Dataset items
==============================
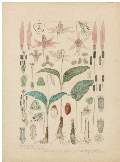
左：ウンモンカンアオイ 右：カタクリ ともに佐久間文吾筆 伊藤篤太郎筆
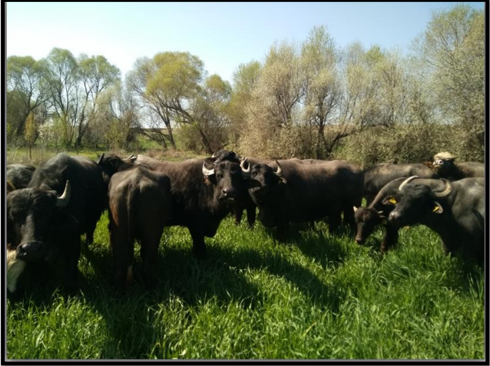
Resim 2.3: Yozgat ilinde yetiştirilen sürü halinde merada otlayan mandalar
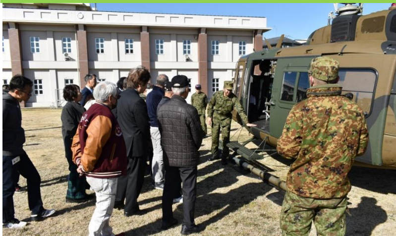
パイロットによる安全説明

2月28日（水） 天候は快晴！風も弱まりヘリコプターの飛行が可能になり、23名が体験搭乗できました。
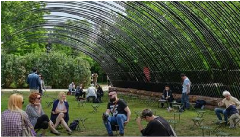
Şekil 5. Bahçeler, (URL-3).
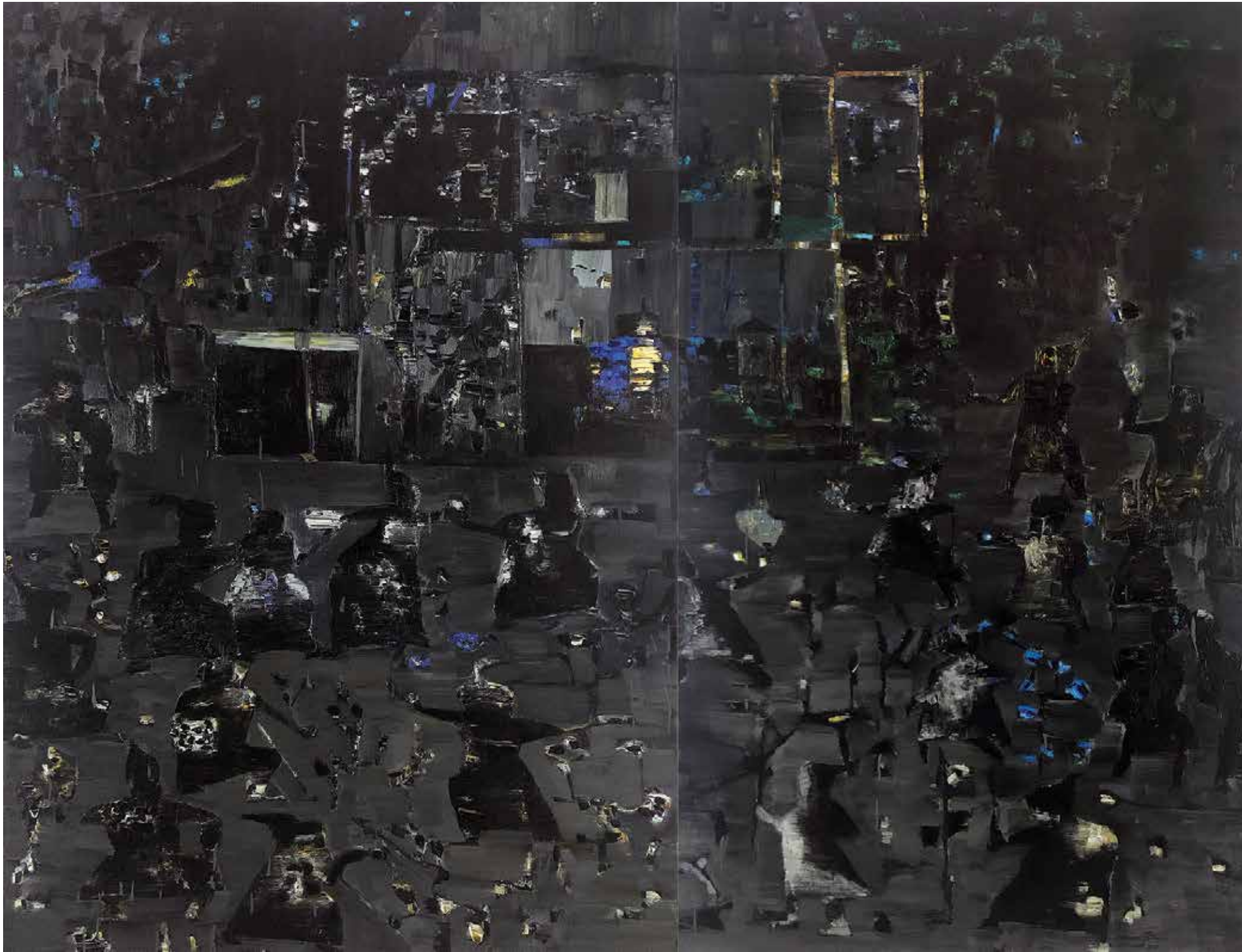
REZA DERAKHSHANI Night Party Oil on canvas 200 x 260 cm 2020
==============================
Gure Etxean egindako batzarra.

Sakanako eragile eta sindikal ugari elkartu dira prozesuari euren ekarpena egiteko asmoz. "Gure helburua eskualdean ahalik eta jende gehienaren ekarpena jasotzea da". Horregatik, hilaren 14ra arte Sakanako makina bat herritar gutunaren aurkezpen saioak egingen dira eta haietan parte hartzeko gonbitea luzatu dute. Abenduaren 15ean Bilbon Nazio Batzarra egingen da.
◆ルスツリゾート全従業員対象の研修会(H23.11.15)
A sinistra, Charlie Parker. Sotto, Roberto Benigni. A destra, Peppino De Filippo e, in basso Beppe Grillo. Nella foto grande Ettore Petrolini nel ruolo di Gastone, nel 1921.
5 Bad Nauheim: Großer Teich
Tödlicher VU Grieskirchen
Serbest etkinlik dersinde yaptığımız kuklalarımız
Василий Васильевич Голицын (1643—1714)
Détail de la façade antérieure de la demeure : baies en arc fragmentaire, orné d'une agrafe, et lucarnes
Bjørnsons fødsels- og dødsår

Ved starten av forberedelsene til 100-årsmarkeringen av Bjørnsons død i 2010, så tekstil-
==============================
Return exactly the lines above from the line that has "Sakanako eragile eta" through the line that has "Tödlicher VU Grieskirchen", inclusive, and nothing else.

Output below:
Sakanako eragile eta sindikal ugari elkartu dira prozesuari euren ekarpena egiteko asmoz. "Gure helburua eskualdean ahalik eta jende gehienaren ekarpena jasotzea da". Horregatik, hilaren 14ra arte Sakanako makina bat herritar gutunaren aurkezpen saioak egingen dira eta haietan parte hartzeko gonbitea luzatu dute. Abenduaren 15ean Bilbon Nazio Batzarra egingen da.
◆ルスツリゾート全従業員対象の研修会(H23.11.15)
A sinistra, Charlie Parker. Sotto, Roberto Benigni. A destra, Peppino De Filippo e, in basso Beppe Grillo. Nella foto grande Ettore Petrolini nel ruolo di Gastone, nel 1921.
5 Bad Nauheim: Großer Teich
Tödlicher VU Grieskirchen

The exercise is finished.